The popularity of online review sites has led to an abundance of content written by consumers. For example, a recently released Amazon corpus (McAuley, Targett, Shi, & van den Hengel, 2015) contains 142.8 million reviews across a wide range of categories covering the period from 1996 to 2014. Most consumer reviews have overall ratings, representing the reviewer’s satisfaction with the product or service. Rated reviews are readily available sources of rich contextual information representing how words are used in positive and negative contexts. We propose PolaritySim – an extensible method for identifying the context-dependent polarity of words expressing an opinion about another word or phrase (opinion target). The only external resource required is a review corpus with user-assigned numerical ratings. The method determines sentiment valence of words with ambiguous (e.g. “small”) or unambiguous (e.g. “beautiful”) sentiment, as well as words that do not carry sentiment valence on their own, but acquire it through context. For example, it correctly determines the negative polarity of “eat” in “This camcorder eats up tape”. The task of disambiguating the polarity of a given word instance as positive or negative is addressed as an information retrieval (IR) problem. At the pre-processing stage, we build one vector of all contexts of the word w in the positive set (i.e. reviews with high ratings) and another vector – of its contexts in the negative set (reviews with low ratings). The lexico-syntactic context features are automatically generated from the dependency parse graphs of all the sentences containing the word w in the positive or the negative corpus. The resulting positive and negative vectors are treated as “documents”. At run time, to determine the polarity of a specific instance of w in an unlabeled review, a context vector is built, which is treated as the “query”. The context features for this vector are derived only from the current sentence containing this instance of w. An information retrieval model is then applied to calculate the similarity of the “query” to each of the two “documents”.

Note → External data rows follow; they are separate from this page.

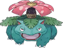 Venusaur has received positive reception. Complex's Elijah Watson commented, "most of us grew up" with Venusaur.[16] GamesRadar editor Brett Elston commented that Venusaur "sets the standard for evolutions" - namely that a Pokémon will start off "cute", and then become an "unsightly beast".[17] He noted, however, that while "ugly", Venusaur is also "intimidating".[18] GamesRadar noted Venusaur as Bulbasaur's "greatest drawback", due to its lack of charm.[19] GamesRadar's Carolyn Gudmundson called it one of her "favourite" Pokémon due to it being "ugly" and resembling a cat. Another editor commented that the way its teeth stick resembles the manga cliche of a cat design, while yet another editor commented that he liked the way how Bulbasaur's flower bloomed as it grows into Ivysaur and then Venusaur.[20] Kevin Slackie of Paste listed Venusaur as 21st of the best Pokémon.[21] IGN's Pokémon Chick wrote that since Red and Blue, the Pokémon Charizard had "slightly surpassed Venusaur in terms of popularity".[22] In a poll conducted by IGN, it was voted as the "15th best" Pokémon; IGN staff felt that Venusaur paled in comparison to Charizard and Blastoise due to them being more intimidating.[23] Author Daniel Bischoff chose to not evolve Bulbasaur into Venusaur and stated that Venusaur "just looked kind of fat."[24] Series artist Ken Sugimori noted that Venusaur, while one of his favorite Pokémon, was his least favourite Pokémon to draw due to its complex design.[25] Official Nintendo Magazine's Elizabeth Mo included it on her list of Pokémon she wants to see given a Mega Evolution.[26] Destructoid's Steven Hansen felt that Venusaur's Mega Evolution looked "stupid."[27] An artist RJ Palmer of the film Detective Pikachu made a hyper-realistic Venusaur, it was too scary that Venusaur was only put on the background.[28] Ben Skipper of the International Business Times praised the designs of Venosaur in Pokémon Green.[29]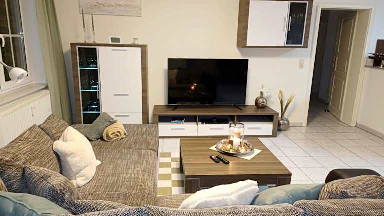 Die Ferienwohnung umfasst ein Wohnzimmer, einen Essbereich, 2 Schlafzimmer sowie 1 Badezimmer mit Dusche. Zur Ausstattung gehören zudem ein Blu-ray-Player, eine Küche mit Kühlschrank, Geschirrspüler und Ofen. Handtücher und Bettwäsche werden gestellt.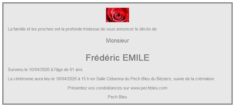 CENTRE FUNERAIRE DE BEZIERS le samedi 18 avril à 18 heures 15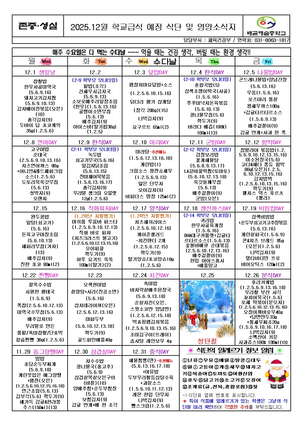 [ÀϹÝ] 2025.12¿ù Çб³±Þ½Ä ¿¹Á¤ ½Ä´Ü ¹× ¿µ¾ç¼Ò½ÄÁö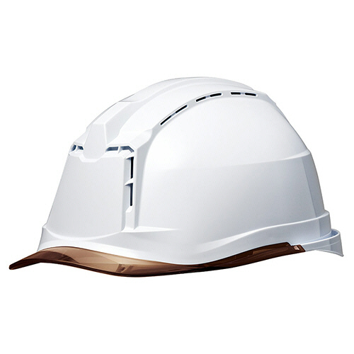 ●αライナー・クリアバイザー・通気孔付PC製ヘルメット。色は帽体:ホワイト、バイザー:ブラウンです。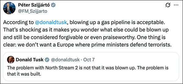 西雅爾多·彼得8日轉發了圖斯克的帖子並寫道,“根據圖斯克的説法,炸燬天然氣管道是可以接受的。這一説法令人震驚,不禁讓人懷疑,還有什麼事物是可以被炸燬卻仍被認為是可原諒的,甚至是值得稱讚的”。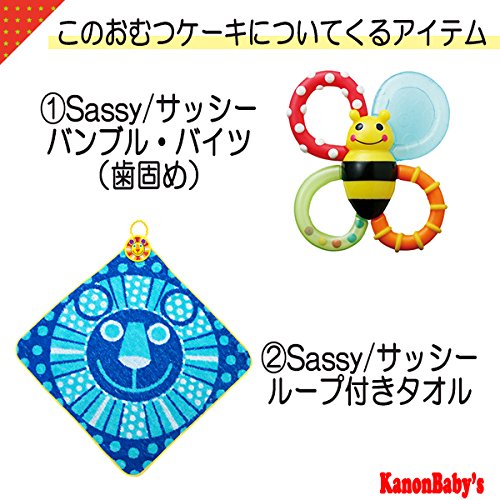 人気のSassy/サッシーのタオルやぬいぐるみ、おもちゃを使い、かわいいおむつケーキに仕上げておりますので、出産祝いはもちろん、内祝い、100日祝い、ハーフバースデー、初節句、お誕生日プレゼントに大変喜ばれるギフトです。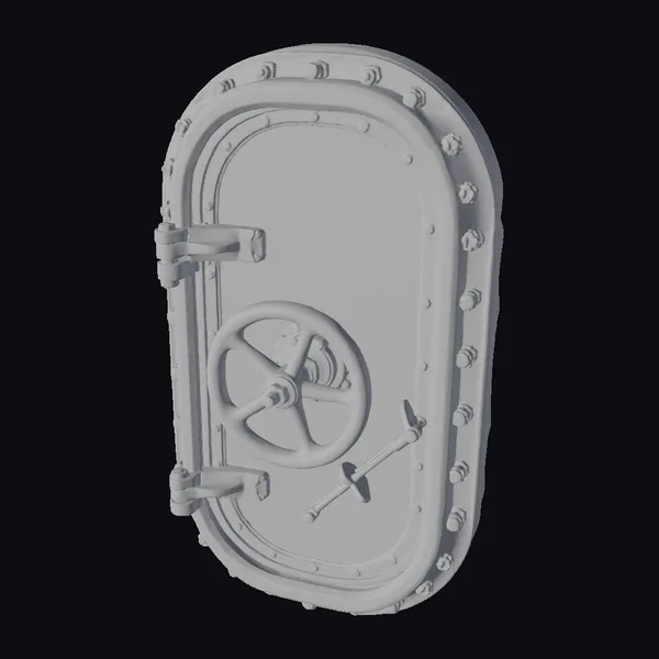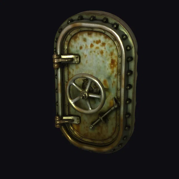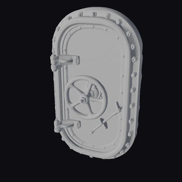 The intricate details of this submarine hatch door are on full display, from the raised bolts that line the perimeter to the worn, rusty wheel handle that looks like it’s been gripped by countless hands. The door’s surface is a masterclass in texture, with a mottled mix of grays and browns that evoke the feeling of damp, salty air. As light catches the metal, the rusty hues seem to shift and deepen, adding depth and visual interest. This model would be perfect for use in games, animation, or 3D printing projects that require a sense of industrial grit and realism.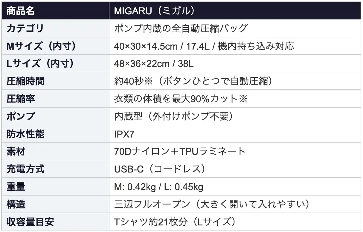 「使わなくなった圧縮バッグ」を「毎日使える収納ツール」へ。旅行と収納の両方を一台でこなすMIGARUは、現在Makuakeにて先行受付中です。 |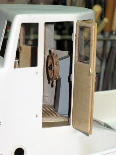 Serdecznie witam. Klimek w budowie – cd. Zgodnie z harmonogramem budowy, realizowana jest zabudowa sterówki. Drzwi wejściowe do niej są zrobione (klamka ruchoma i jest oszklenie). Zabudowa wnętrza jest w toku. Stan początkowy mają: schowki, siedzisko (kanapa), mechanizm koła sterowego, greting wewnętrzny oraz konsola busoli. Szczegóły zostaną dopracowane. Sporo pracy wymagać będzie wykonanie deskowanej podłogi oraz oszklenie całej sterówki wraz z obramowaniem zewnętrznym. Ale to jest przede mną. CDN… -
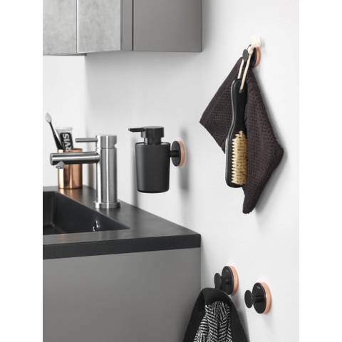 Grâce aux anneaux décoratifs fournis en cuivre et en gris, vous jouez facilement avec l'apparence. Utilisez l'anneau cuivré pour ajouter de la chaleur et une touche de luxe à un robinet ou à une douche noire, ou choisissez l'anneau gris si vous souhaitez créer une ambiance robuste et industrielle. Vous préférez un ensemble épuré et intemporel ? Montez alors le crochet sans anneau, afin que la couleur noir mat soit pleinement mise en valeur. Grâce à son design compact et rond, il semble subtil mais bien pensé : suffisamment grand pour maintenir les serviettes en place, suffisamment petit pour ne pas dominer. Vous combinez ainsi design et fonctionnalité d'une manière qui s'harmonise parfaitement avec le reste de votre sanitaire et de vos accessoires.

The PolaritySim method is extensible in a number of ways. For example, the words in the context features could be expanded with related words or the feature set can be expanded with co-occurring patterns from adjacent sentences. Section 4.3 describes one such extension, whereby words in the context features are expanded with related words generated using a Word2Vec model.

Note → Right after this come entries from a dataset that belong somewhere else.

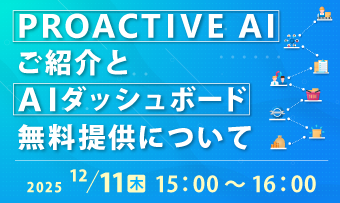 - このたび、「PROACTIVE AI」および期間限定で無料提供する「PROACTIVE AIダッシュボード」についてご紹介するオンラインセミナーを開催いたします。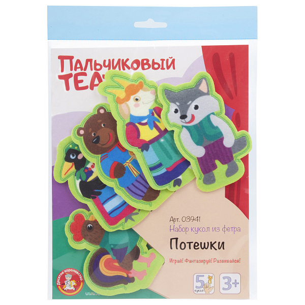 Устроить веселое представление, предложить малышу увлекательную игру легко, располагая миниатюрными куколками из фетра. Их достаточно надеть на пальцы, чтобы окунуть малыша в мир сказок. В комплект входят волк, коза, медведь, петух и сорока. С ними можно придумать увлекательные и занятные истории, которые понравятся ребенку. Это положительно влияет на фантазию ребенка, развивает фантазию и логическое мышление, память и речь, активирует моторику рук.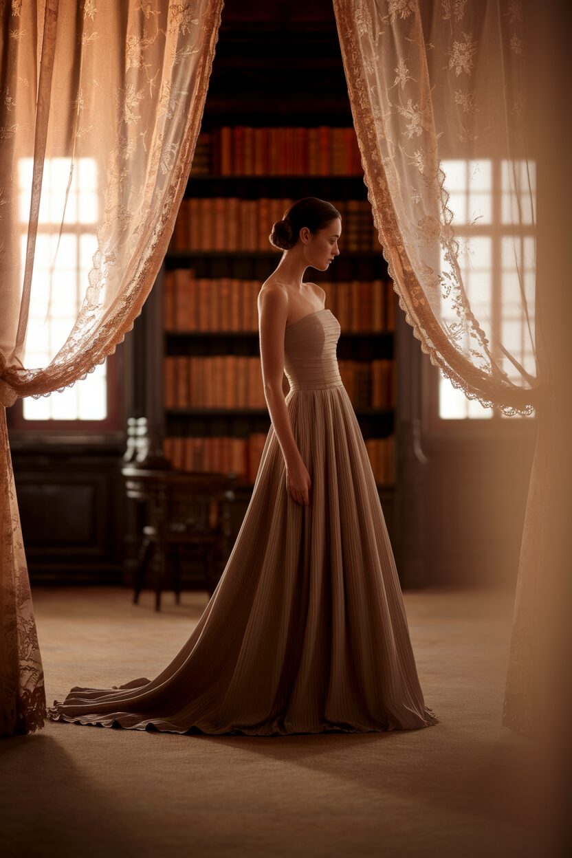 An empire waist dress gathers just below the bust, creating a long, flowing line. It’s perfect for creating an elongated silhouette. This style is great for formal events or a romantic evening.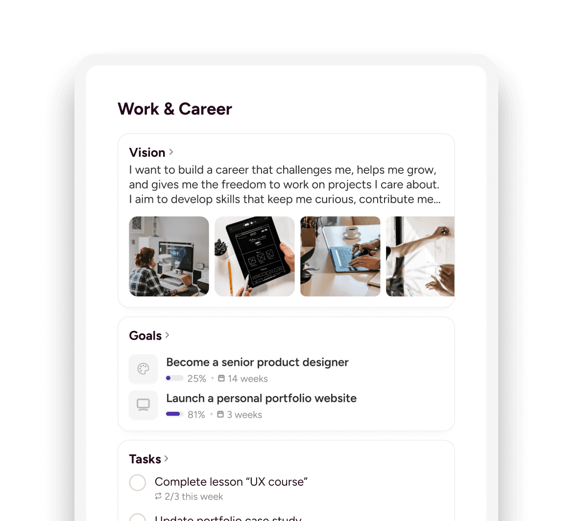 The integrated task manager and habit tracker ensure that your actions are always connected to your "Why".

The rest of the paper is organized as follows: Section 2 outlines the motivations and contributions of this work, Section 3 discusses related work, Section 4 presents the method, Section 5 describes the datasets and evaluation experiments, Section 6 contains the analysis of results, and Section 7 concludes the paper and suggests future research directions.

Section snippets

Motivation and contributions of the work

Most research efforts in the sentiment analysis field have been directed at identifying sentiment and its polarity at the sentence or document level. Two major sentiment analysis approaches to date have been: (a) lexicon-based and (b) machine learning based. In the first approach, the polarity of individual words is first determined by using a prior polarity lexicon, then possible polarity shifters are identified, usually by applying hand-crafted rules. Sentence or document level polarities are

Related work

Sentiment analysis has received considerable attention over the past fifteen years. The body of research in this field can be grouped into three categories based on the linguistic units for which sentiment is predicted: words/phrases, sentences and documents. The majority of research effort has been focused on detecting sentence- and document-level sentiment and its polarity. There exist a number of comprehensive surveys that summarize and describe approaches in each of the three categories (

Methodology

The overall system architecture is presented in Fig. 1, and the detailed description of each stage is given in the following sections. In Stage 1 (Section 4.1) the system pre-processes the positive and negative corpora to generate a positive (posV) and negative (negV) vectors of context features for each word. In Stage 2 (Section 4.1), the system is given a sentence from an unlabeled document, and for each word instance, it builds a context feature vector (EvalV) using only the content of this

Evaluation

The evaluation was conducted on five datasets described in this section. Four datasets (Sections 5.3–5.5) were created by us to evaluate word-level polarity1. We also report evaluation on the dataset from the SemEval Aspect-Based Sentiment Analysis (ABSA) shared task in Section 5.6.

Results and discussion

The results in Table 3, Table 4, Table 5, Table 6, Table 7, Table 8 show that PolaritySimQACW and PolaritySimTF.IDF are more effective model variants than PolaritySimCosine. Both PolaritySimTF.IDF and PolaritySimQACW outperformed all MNB and SVM baselines on the Restaurant and Photography datasets, as well as the official SVM baseline on the ABSA dataset. On the AmbAdj dataset PolaritySimQACW outperformed the best MNB and SVM variants with unigram and bigram features by 2.4%, whereas PolaritySim

Conclusion and future work

We described an effective method called PolaritySim for determining word-level contextual polarity that uses readily available consumer rated reviews as the only external resource. The advantage of PolaritySim is that it does not require manually constructed sentiment lexicons or corpora annotated at word or sentence level, which are labour-intensive resources to build. We approach the problem of word-level polarity determination as an IR problem, whereby the context vector representing the

Acknowledgments

The author would like to thank the following annotators: Mohamad Ahmadi, Kaheer Suleman, Stuart Sullivan, Jack Thomas and Andrew Toulis. This work has been supported by the NSERC Discovery grant (no. RGPIN 261439-2013).

References (52)

  • K. Sparck Jones et al.

    A probabilistic model of information retrieval: development and comparative experiments: Part 2

    Information Processing & Management

    (2000)
  • O. Vechtomova et al.

    A domain-independent approach to finding related entities

    Information Processing & Management

    (2012)
  • R. Xia et al.

    Polarity shift detection, elimination and ensemble

    Information Processing \& Management

    (2016)
  • S. Baccianella et al.

    Sentiwordnet 3.0: An enhanced lexical resource for sentiment analysis and opinion mining

    Proceedings of LREC

    (2010)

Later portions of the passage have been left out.